_Data excerpt:_
╭──

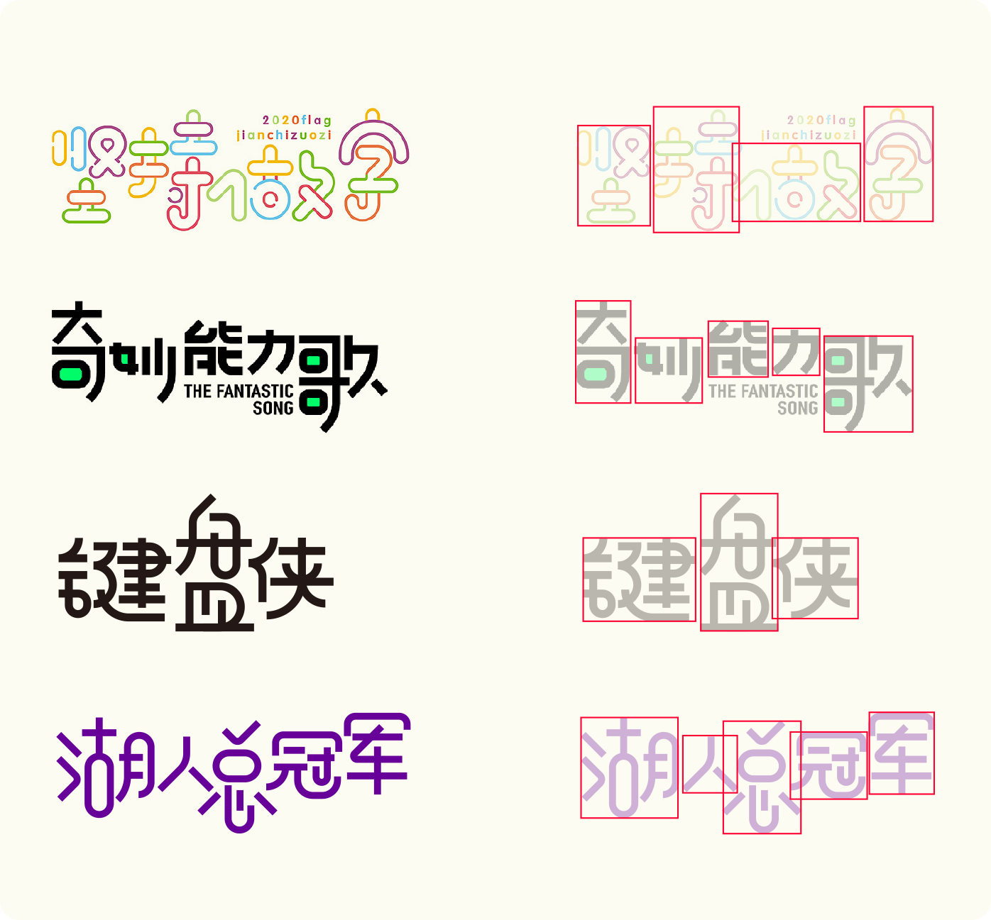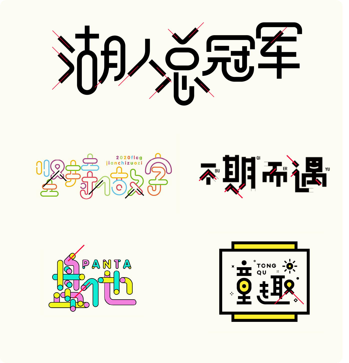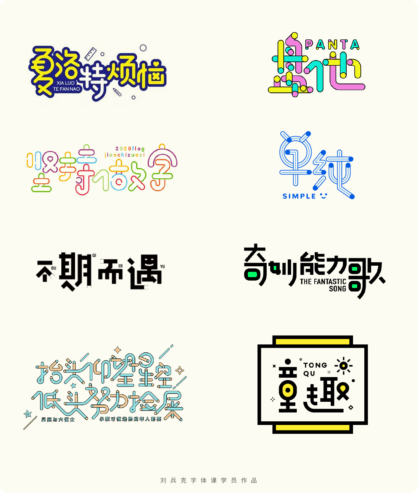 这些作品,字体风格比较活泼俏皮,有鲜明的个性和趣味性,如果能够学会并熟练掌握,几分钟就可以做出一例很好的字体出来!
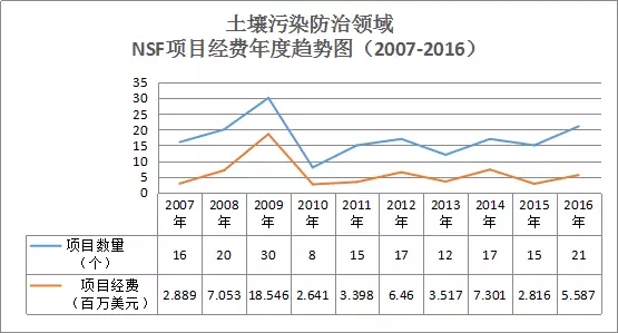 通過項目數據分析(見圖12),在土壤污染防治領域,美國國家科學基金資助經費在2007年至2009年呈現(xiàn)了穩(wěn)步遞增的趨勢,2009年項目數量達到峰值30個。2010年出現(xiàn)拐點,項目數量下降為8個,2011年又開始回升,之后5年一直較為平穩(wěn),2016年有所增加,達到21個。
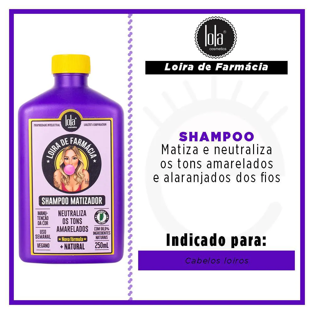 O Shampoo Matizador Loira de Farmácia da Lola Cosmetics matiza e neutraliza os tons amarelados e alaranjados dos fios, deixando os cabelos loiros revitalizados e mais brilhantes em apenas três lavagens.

╰──

_Aim of the exercise:_ Write the lines above out again exactly, without any of their pictures.

_Exercise answer:_
 这些作品,字体风格比较活泼俏皮,有鲜明的个性和趣味性,如果能够学会并熟练掌握,几分钟就可以做出一例很好的字体出来!
 通過項目數據分析(見圖12),在土壤污染防治領域,美國國家科學基金資助經費在2007年至2009年呈現(xiàn)了穩(wěn)步遞增的趨勢,2009年項目數量達到峰值30個。2010年出現(xiàn)拐點,項目數量下降為8個,2011年又開始回升,之后5年一直較為平穩(wěn),2016年有所增加,達到21個。
 O Shampoo Matizador Loira de Farmácia da Lola Cosmetics matiza e neutraliza os tons amarelados e alaranjados dos fios, deixando os cabelos loiros revitalizados e mais brilhantes em apenas três lavagens.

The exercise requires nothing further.